• _Problem requirements_
Every line from the opening of the records to the line with "С письменного согласия" should be restated exactly, with both ends included and the pictures left out.

Records excerpted from a collection
########################################

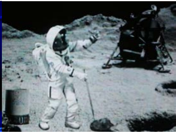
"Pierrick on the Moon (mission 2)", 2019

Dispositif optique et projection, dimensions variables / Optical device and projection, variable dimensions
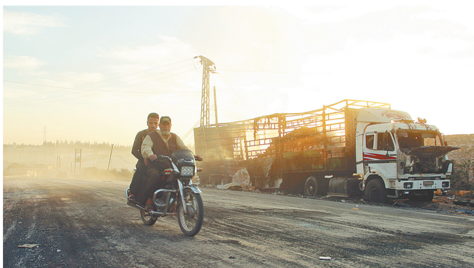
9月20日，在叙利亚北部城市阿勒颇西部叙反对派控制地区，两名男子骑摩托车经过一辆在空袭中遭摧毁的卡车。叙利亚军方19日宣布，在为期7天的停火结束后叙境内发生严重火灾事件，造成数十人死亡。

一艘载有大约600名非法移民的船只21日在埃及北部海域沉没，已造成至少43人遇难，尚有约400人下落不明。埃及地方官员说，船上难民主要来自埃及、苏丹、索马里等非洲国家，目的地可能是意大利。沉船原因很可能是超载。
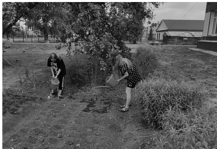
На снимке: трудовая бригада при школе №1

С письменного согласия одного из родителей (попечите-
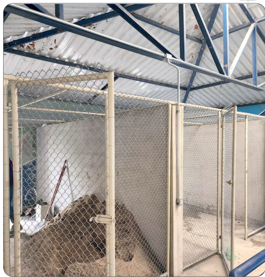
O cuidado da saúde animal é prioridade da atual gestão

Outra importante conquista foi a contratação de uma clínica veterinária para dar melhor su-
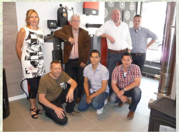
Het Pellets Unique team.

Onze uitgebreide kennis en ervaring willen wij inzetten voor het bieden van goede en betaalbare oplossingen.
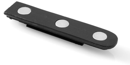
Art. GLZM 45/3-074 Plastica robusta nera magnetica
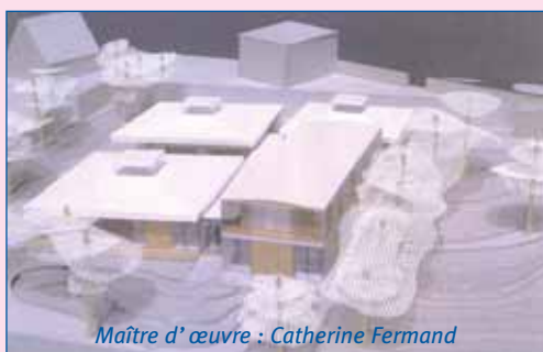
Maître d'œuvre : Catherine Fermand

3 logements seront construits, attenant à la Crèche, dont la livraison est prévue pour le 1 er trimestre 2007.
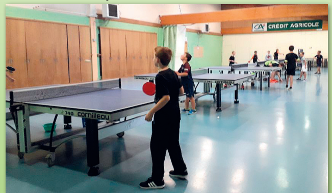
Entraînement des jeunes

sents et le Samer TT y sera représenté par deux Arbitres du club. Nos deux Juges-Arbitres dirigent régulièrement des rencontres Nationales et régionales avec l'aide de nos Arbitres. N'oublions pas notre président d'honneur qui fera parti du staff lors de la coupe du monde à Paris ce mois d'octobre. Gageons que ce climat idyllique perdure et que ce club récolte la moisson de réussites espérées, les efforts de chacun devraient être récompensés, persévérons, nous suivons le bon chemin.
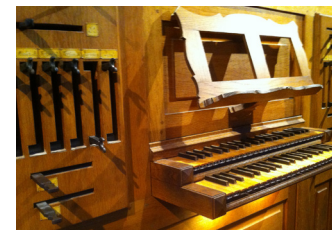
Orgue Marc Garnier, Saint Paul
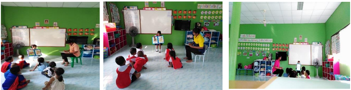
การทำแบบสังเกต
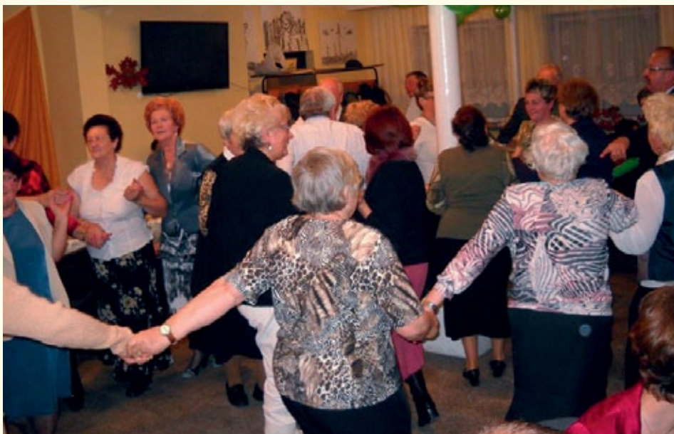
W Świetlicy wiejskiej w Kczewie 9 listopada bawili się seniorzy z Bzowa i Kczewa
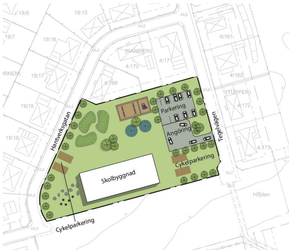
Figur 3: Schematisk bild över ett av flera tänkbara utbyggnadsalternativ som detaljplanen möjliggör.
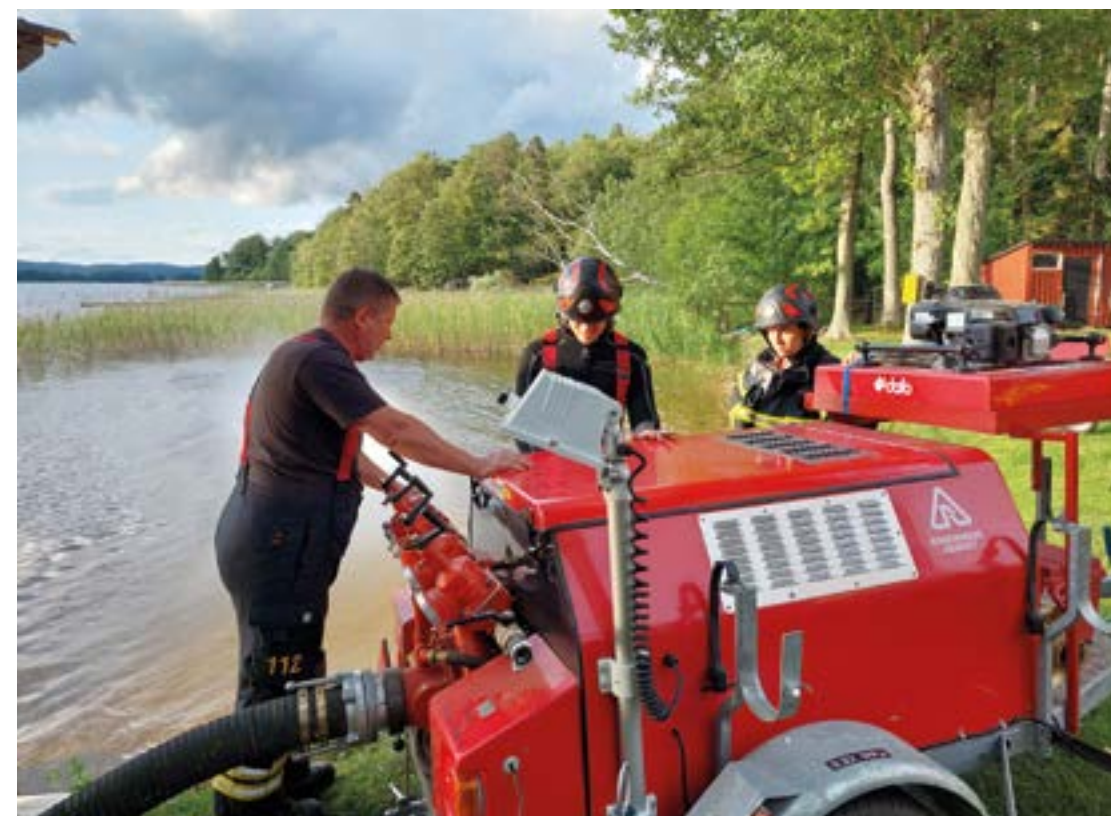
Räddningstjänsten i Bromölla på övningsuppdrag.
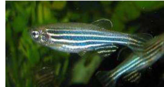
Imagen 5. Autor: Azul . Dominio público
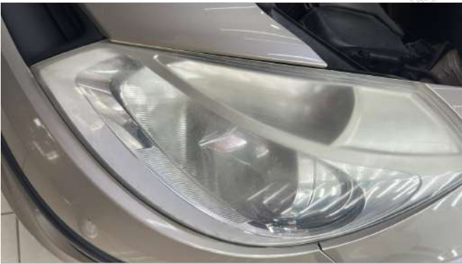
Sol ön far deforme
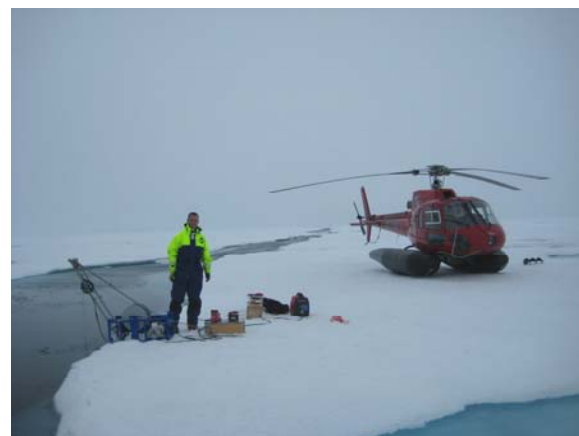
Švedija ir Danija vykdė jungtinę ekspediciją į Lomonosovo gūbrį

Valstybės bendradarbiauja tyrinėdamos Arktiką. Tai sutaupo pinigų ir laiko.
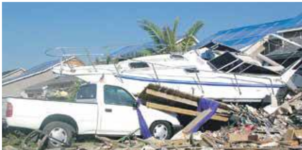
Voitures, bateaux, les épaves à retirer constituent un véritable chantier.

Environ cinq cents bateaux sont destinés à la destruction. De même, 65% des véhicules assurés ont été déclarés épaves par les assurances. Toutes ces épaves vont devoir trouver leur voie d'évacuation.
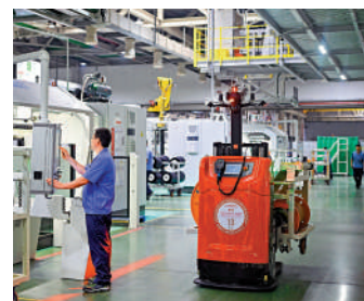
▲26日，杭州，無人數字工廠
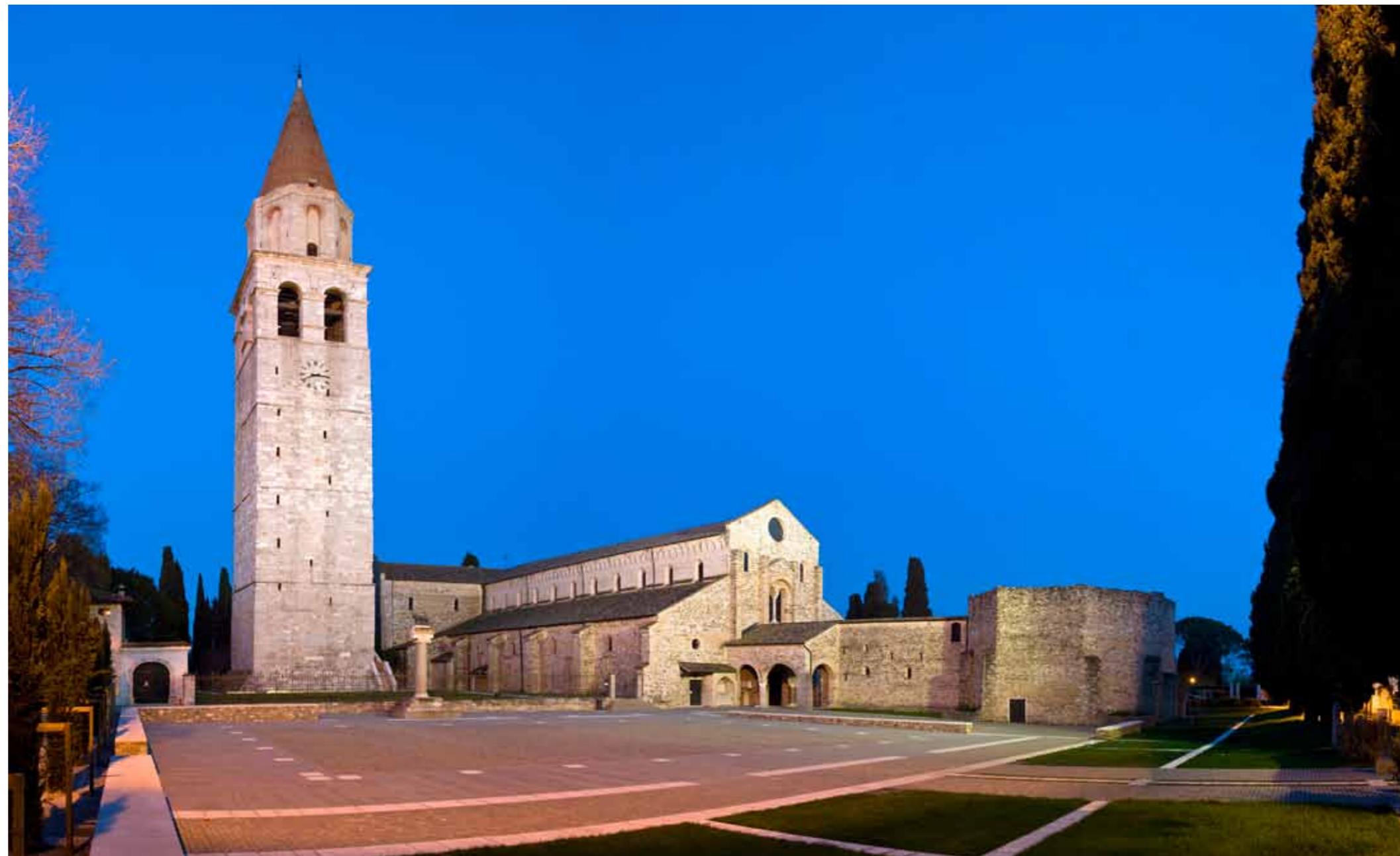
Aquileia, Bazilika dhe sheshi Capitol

########################################

• _Written solution_
"Pierrick on the Moon (mission 2)", 2019

Dispositif optique et projection, dimensions variables / Optical device and projection, variable dimensions
9月20日，在叙利亚北部城市阿勒颇西部叙反对派控制地区，两名男子骑摩托车经过一辆在空袭中遭摧毁的卡车。叙利亚军方19日宣布，在为期7天的停火结束后叙境内发生严重火灾事件，造成数十人死亡。

一艘载有大约600名非法移民的船只21日在埃及北部海域沉没，已造成至少43人遇难，尚有约400人下落不明。埃及地方官员说，船上难民主要来自埃及、苏丹、索马里等非洲国家，目的地可能是意大利。沉船原因很可能是超载。
На снимке: трудовая бригада при школе №1

С письменного согласия одного из родителей (попечите-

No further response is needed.